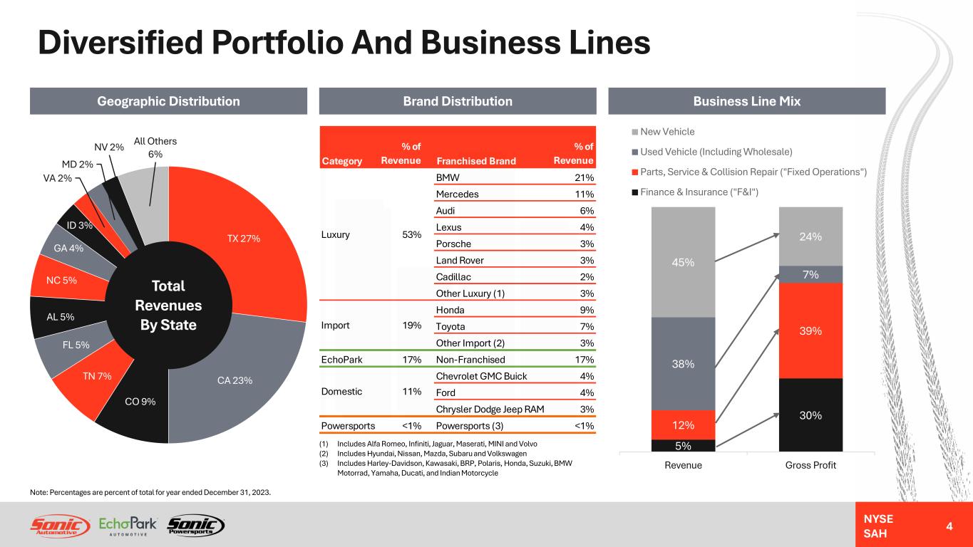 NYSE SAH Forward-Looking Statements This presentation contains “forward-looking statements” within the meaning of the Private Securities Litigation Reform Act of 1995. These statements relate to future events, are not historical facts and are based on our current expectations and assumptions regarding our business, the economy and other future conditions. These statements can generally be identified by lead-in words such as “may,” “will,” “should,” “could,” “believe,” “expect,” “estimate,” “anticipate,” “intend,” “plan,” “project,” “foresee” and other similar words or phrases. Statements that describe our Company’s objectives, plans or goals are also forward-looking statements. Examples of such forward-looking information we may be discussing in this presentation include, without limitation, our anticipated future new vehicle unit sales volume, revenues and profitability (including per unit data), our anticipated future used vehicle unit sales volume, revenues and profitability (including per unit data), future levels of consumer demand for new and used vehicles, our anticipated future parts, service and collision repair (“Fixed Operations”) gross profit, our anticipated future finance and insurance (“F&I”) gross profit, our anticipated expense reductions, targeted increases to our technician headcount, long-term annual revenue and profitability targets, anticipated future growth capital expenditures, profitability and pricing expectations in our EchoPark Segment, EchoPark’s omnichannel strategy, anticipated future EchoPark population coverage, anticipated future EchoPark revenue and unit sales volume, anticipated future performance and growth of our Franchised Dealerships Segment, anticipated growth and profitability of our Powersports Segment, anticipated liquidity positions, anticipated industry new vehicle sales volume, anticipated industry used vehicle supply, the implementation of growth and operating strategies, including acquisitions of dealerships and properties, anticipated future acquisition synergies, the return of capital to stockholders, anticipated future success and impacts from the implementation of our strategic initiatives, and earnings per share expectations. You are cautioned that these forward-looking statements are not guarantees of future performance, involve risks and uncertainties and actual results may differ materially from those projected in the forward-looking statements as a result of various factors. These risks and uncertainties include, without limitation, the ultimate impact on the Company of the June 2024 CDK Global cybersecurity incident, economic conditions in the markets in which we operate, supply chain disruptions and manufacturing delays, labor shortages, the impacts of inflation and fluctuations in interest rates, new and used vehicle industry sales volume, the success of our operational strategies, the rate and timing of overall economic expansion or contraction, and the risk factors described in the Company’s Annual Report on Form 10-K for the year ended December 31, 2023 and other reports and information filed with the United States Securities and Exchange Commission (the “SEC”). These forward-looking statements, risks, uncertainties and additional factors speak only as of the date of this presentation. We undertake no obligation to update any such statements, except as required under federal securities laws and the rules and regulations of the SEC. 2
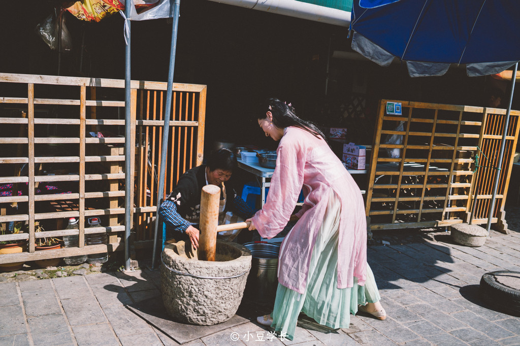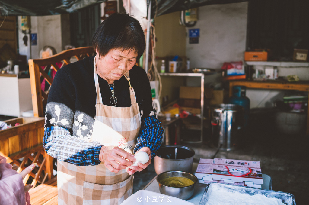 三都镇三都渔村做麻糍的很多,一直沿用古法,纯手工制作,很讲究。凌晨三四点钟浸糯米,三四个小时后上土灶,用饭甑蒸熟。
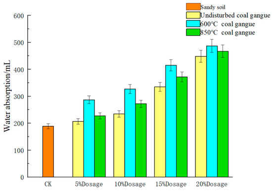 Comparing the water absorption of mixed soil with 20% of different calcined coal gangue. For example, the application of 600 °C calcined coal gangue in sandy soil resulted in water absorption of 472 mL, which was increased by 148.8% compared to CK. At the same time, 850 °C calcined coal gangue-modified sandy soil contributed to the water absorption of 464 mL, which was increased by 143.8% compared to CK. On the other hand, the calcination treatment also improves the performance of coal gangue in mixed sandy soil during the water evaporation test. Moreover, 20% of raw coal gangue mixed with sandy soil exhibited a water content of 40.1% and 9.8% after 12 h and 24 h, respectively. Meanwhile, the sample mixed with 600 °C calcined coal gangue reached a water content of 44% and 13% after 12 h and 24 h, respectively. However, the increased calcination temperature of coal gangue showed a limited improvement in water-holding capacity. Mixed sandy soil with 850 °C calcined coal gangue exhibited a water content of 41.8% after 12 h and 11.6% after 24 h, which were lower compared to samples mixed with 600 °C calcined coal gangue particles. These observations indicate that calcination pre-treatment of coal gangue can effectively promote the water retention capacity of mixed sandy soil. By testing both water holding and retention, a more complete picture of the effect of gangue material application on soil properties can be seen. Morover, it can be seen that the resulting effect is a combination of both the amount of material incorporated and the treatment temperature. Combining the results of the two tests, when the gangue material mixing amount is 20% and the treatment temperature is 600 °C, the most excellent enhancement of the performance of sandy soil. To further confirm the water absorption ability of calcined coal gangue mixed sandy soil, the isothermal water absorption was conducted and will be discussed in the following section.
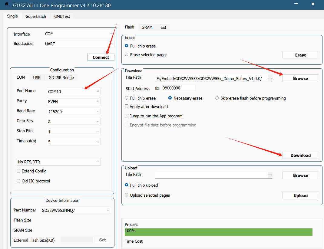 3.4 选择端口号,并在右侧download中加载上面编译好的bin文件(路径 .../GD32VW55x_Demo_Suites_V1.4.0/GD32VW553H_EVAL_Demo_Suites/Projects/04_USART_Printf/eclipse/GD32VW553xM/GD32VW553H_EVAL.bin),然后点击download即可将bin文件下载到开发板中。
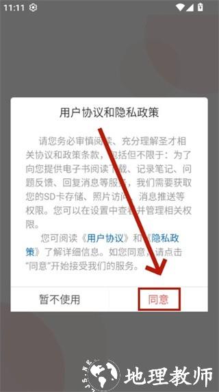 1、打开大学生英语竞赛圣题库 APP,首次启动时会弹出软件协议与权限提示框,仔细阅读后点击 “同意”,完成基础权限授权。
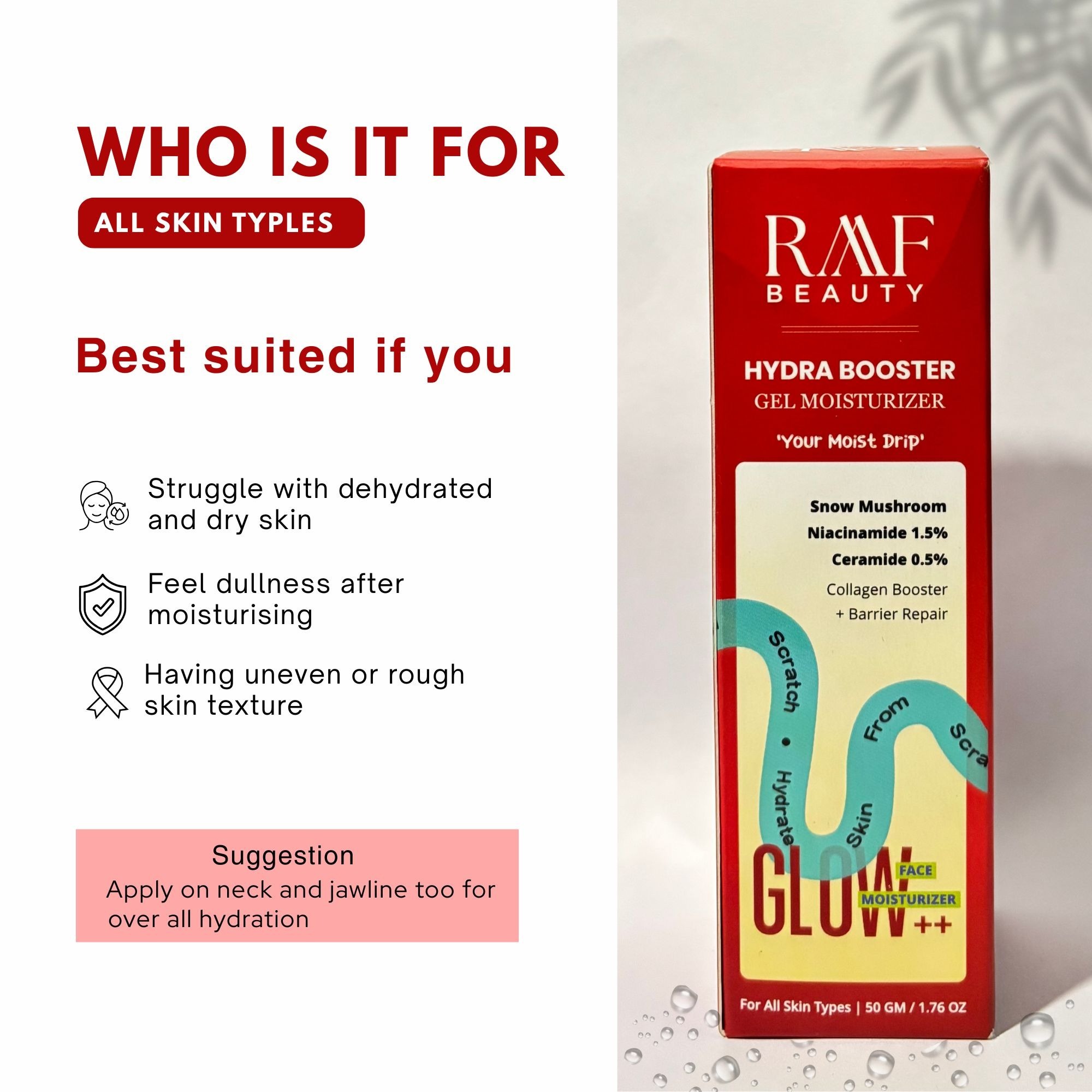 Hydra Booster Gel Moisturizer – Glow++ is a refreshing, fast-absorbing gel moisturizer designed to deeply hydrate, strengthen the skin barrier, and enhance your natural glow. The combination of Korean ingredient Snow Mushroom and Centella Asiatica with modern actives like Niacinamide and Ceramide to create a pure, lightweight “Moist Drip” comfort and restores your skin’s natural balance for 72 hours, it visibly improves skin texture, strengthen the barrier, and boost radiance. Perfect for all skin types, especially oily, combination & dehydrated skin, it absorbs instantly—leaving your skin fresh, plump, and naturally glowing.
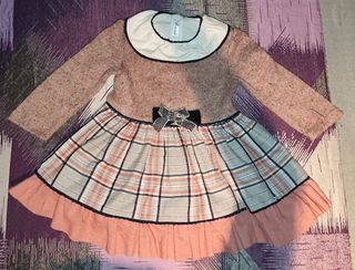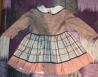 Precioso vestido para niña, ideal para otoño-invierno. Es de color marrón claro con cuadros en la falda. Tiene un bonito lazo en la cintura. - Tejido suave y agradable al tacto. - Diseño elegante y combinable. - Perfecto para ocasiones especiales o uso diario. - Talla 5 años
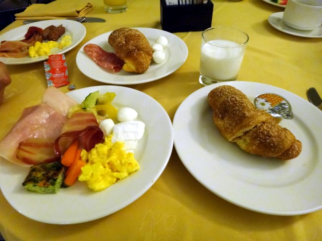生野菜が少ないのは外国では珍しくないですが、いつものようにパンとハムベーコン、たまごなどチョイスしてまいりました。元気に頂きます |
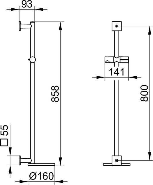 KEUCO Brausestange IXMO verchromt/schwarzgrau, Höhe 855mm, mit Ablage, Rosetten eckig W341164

- - -

_Problem_
Write out verbatim the lines from the one containing "Precioso vestido para" through the last line of the listing above, and no other lines; omit pictures.

_Solution below_
 Precioso vestido para niña, ideal para otoño-invierno. Es de color marrón claro con cuadros en la falda. Tiene un bonito lazo en la cintura. - Tejido suave y agradable al tacto. - Diseño elegante y combinable. - Perfecto para ocasiones especiales o uso diario. - Talla 5 años
生野菜が少ないのは外国では珍しくないですが、いつものようにパンとハムベーコン、たまごなどチョイスしてまいりました。元気に頂きます |
 KEUCO Brausestange IXMO verchromt/schwarzgrau, Höhe 855mm, mit Ablage, Rosetten eckig W341164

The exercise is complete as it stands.